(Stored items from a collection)
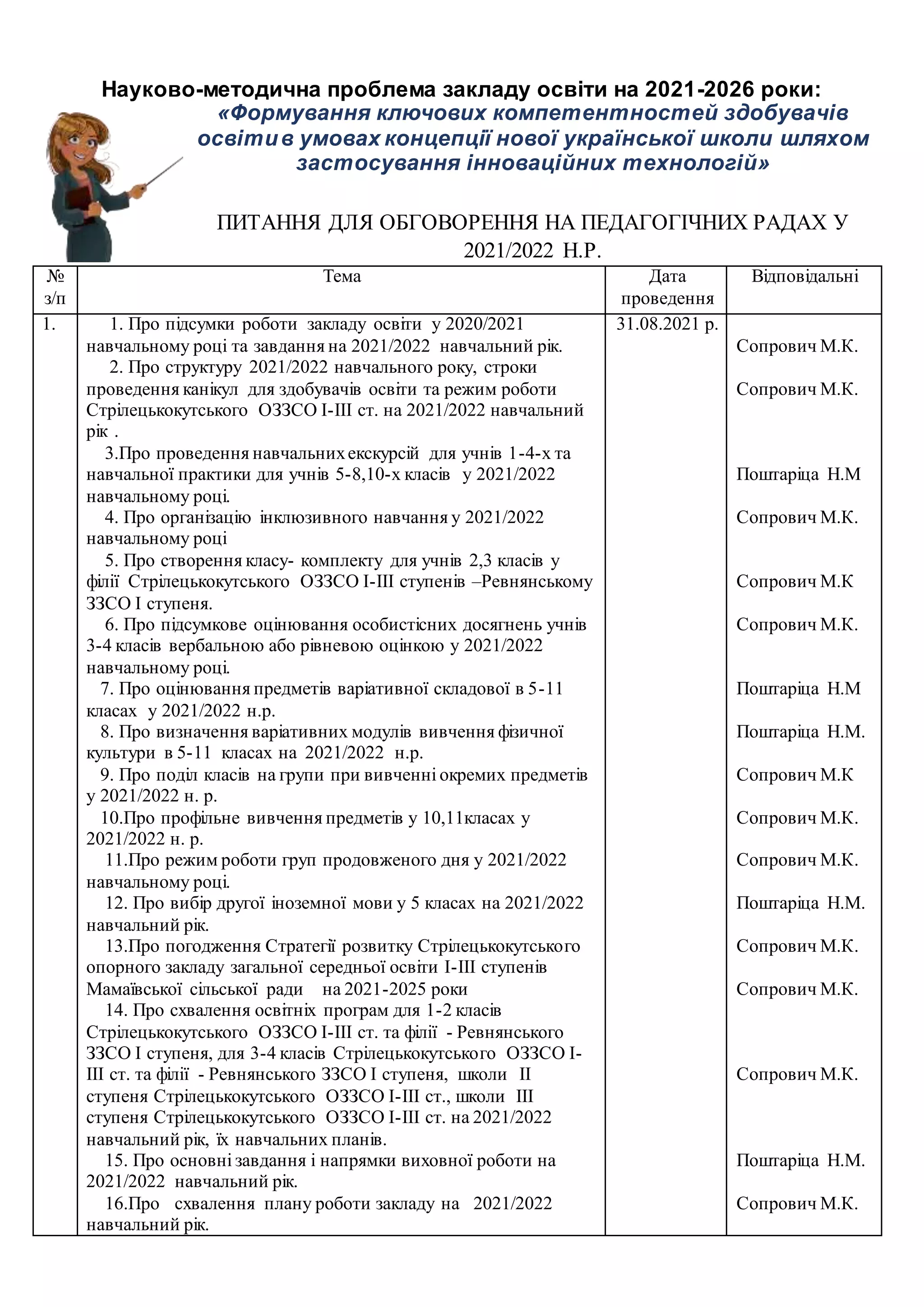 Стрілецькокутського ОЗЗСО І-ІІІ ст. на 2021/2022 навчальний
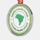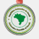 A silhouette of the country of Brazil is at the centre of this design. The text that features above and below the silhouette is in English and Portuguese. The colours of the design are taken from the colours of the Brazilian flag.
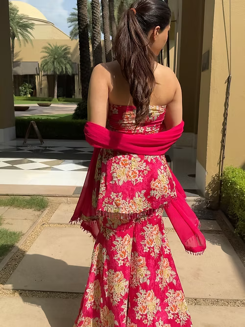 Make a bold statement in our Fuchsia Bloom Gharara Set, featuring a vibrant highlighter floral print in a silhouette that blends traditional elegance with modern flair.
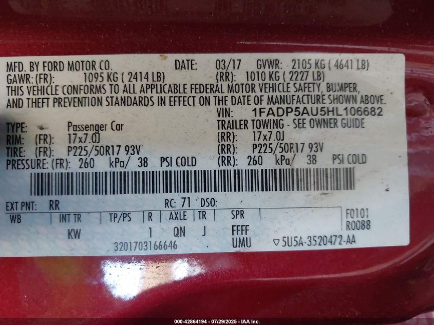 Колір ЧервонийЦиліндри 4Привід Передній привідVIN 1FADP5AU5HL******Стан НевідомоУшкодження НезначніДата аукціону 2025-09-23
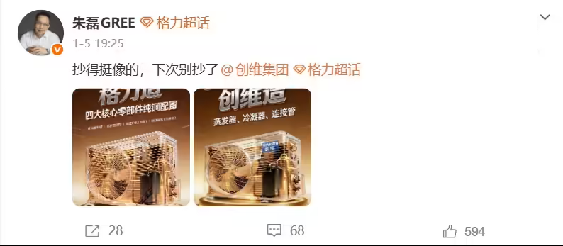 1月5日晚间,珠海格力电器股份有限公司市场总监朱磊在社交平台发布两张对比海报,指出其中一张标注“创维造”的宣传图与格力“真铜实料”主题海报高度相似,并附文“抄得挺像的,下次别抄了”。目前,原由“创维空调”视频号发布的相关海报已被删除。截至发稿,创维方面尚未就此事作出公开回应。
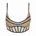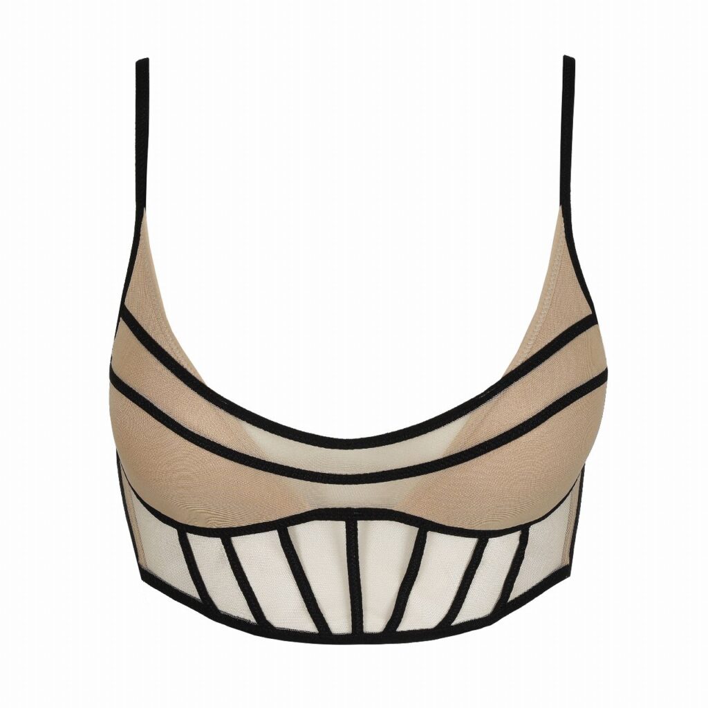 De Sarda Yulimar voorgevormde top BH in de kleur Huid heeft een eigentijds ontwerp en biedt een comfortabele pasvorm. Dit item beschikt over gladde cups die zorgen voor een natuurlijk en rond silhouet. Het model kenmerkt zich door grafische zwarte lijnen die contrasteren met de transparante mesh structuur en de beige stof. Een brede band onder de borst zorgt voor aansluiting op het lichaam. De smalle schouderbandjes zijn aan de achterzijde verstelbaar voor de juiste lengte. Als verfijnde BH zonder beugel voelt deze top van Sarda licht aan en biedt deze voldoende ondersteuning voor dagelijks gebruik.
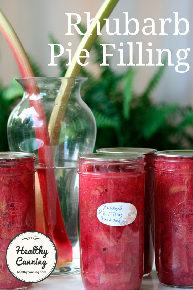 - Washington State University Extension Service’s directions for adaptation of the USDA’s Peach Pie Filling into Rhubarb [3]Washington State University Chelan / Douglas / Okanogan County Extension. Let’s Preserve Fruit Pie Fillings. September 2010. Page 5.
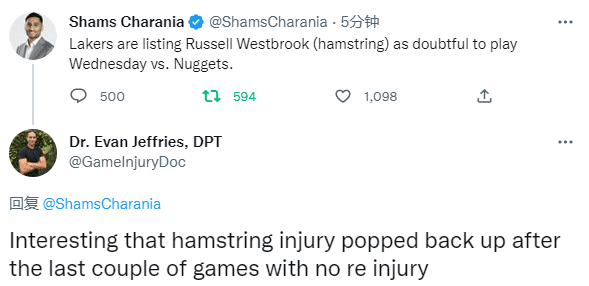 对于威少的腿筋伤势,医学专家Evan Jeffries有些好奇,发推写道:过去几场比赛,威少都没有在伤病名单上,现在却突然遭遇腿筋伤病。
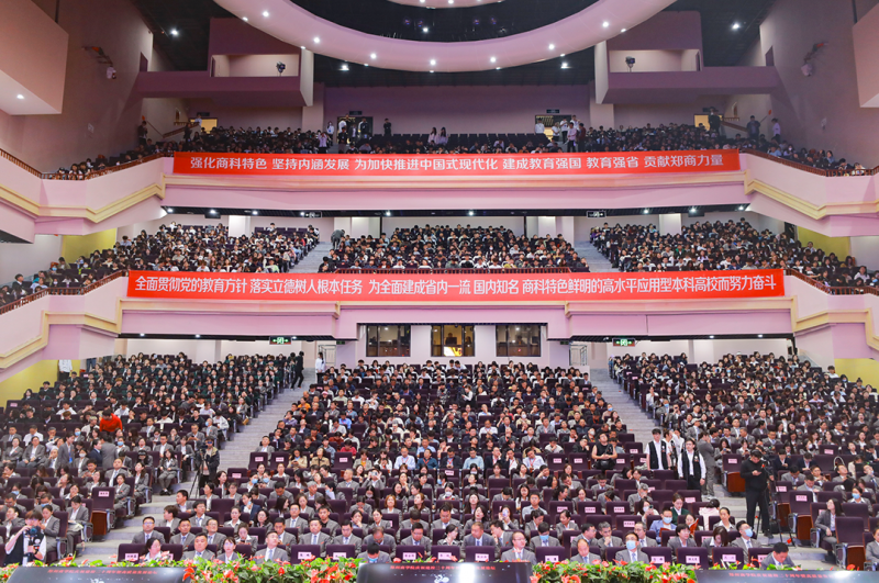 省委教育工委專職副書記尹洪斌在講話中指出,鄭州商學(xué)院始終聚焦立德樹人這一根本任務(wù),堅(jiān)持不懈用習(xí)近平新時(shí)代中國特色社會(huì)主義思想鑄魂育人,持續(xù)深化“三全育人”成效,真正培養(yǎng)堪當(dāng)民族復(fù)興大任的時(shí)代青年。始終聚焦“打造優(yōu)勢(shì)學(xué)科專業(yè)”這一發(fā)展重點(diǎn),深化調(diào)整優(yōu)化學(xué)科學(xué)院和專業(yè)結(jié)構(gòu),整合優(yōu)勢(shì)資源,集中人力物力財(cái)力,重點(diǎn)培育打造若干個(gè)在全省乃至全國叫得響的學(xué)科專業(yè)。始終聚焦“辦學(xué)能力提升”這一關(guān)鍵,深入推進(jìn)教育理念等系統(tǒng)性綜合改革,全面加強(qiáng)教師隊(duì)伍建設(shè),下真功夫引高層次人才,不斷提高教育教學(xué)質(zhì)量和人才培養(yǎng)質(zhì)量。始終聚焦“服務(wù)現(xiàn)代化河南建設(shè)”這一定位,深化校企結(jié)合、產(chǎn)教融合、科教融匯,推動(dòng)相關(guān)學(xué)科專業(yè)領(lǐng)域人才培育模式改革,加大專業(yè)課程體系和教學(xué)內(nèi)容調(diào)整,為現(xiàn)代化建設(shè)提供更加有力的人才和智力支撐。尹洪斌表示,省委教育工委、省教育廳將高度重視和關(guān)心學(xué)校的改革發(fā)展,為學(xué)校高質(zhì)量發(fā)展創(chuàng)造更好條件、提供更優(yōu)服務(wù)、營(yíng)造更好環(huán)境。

_TASK ITEM_: Each entry needs to be retyped exactly; the pictures stay out.

_SOLUTION FOR THIS PROBLEM_:
 Стрілецькокутського ОЗЗСО І-ІІІ ст. на 2021/2022 навчальний
 A silhouette of the country of Brazil is at the centre of this design. The text that features above and below the silhouette is in English and Portuguese. The colours of the design are taken from the colours of the Brazilian flag.
 Make a bold statement in our Fuchsia Bloom Gharara Set, featuring a vibrant highlighter floral print in a silhouette that blends traditional elegance with modern flair.
 Колір ЧервонийЦиліндри 4Привід Передній привідVIN 1FADP5AU5HL******Стан НевідомоУшкодження НезначніДата аукціону 2025-09-23
 1月5日晚间,珠海格力电器股份有限公司市场总监朱磊在社交平台发布两张对比海报,指出其中一张标注“创维造”的宣传图与格力“真铜实料”主题海报高度相似,并附文“抄得挺像的,下次别抄了”。目前,原由“创维空调”视频号发布的相关海报已被删除。截至发稿,创维方面尚未就此事作出公开回应。
 De Sarda Yulimar voorgevormde top BH in de kleur Huid heeft een eigentijds ontwerp en biedt een comfortabele pasvorm. Dit item beschikt over gladde cups die zorgen voor een natuurlijk en rond silhouet. Het model kenmerkt zich door grafische zwarte lijnen die contrasteren met de transparante mesh structuur en de beige stof. Een brede band onder de borst zorgt voor aansluiting op het lichaam. De smalle schouderbandjes zijn aan de achterzijde verstelbaar voor de juiste lengte. Als verfijnde BH zonder beugel voelt deze top van Sarda licht aan en biedt deze voldoende ondersteuning voor dagelijks gebruik.
 - Washington State University Extension Service’s directions for adaptation of the USDA’s Peach Pie Filling into Rhubarb [3]Washington State University Chelan / Douglas / Okanogan County Extension. Let’s Preserve Fruit Pie Fillings. September 2010. Page 5.
 对于威少的腿筋伤势,医学专家Evan Jeffries有些好奇,发推写道:过去几场比赛,威少都没有在伤病名单上,现在却突然遭遇腿筋伤病。
 省委教育工委專職副書記尹洪斌在講話中指出,鄭州商學(xué)院始終聚焦立德樹人這一根本任務(wù),堅(jiān)持不懈用習(xí)近平新時(shí)代中國特色社會(huì)主義思想鑄魂育人,持續(xù)深化“三全育人”成效,真正培養(yǎng)堪當(dāng)民族復(fù)興大任的時(shí)代青年。始終聚焦“打造優(yōu)勢(shì)學(xué)科專業(yè)”這一發(fā)展重點(diǎn),深化調(diào)整優(yōu)化學(xué)科學(xué)院和專業(yè)結(jié)構(gòu),整合優(yōu)勢(shì)資源,集中人力物力財(cái)力,重點(diǎn)培育打造若干個(gè)在全省乃至全國叫得響的學(xué)科專業(yè)。始終聚焦“辦學(xué)能力提升”這一關(guān)鍵,深入推進(jìn)教育理念等系統(tǒng)性綜合改革,全面加強(qiáng)教師隊(duì)伍建設(shè),下真功夫引高層次人才,不斷提高教育教學(xué)質(zhì)量和人才培養(yǎng)質(zhì)量。始終聚焦“服務(wù)現(xiàn)代化河南建設(shè)”這一定位,深化校企結(jié)合、產(chǎn)教融合、科教融匯,推動(dòng)相關(guān)學(xué)科專業(yè)領(lǐng)域人才培育模式改革,加大專業(yè)課程體系和教學(xué)內(nèi)容調(diào)整,為現(xiàn)代化建設(shè)提供更加有力的人才和智力支撐。尹洪斌表示,省委教育工委、省教育廳將高度重視和關(guān)心學(xué)校的改革發(fā)展,為學(xué)校高質(zhì)量發(fā)展創(chuàng)造更好條件、提供更優(yōu)服務(wù)、營(yíng)造更好環(huán)境。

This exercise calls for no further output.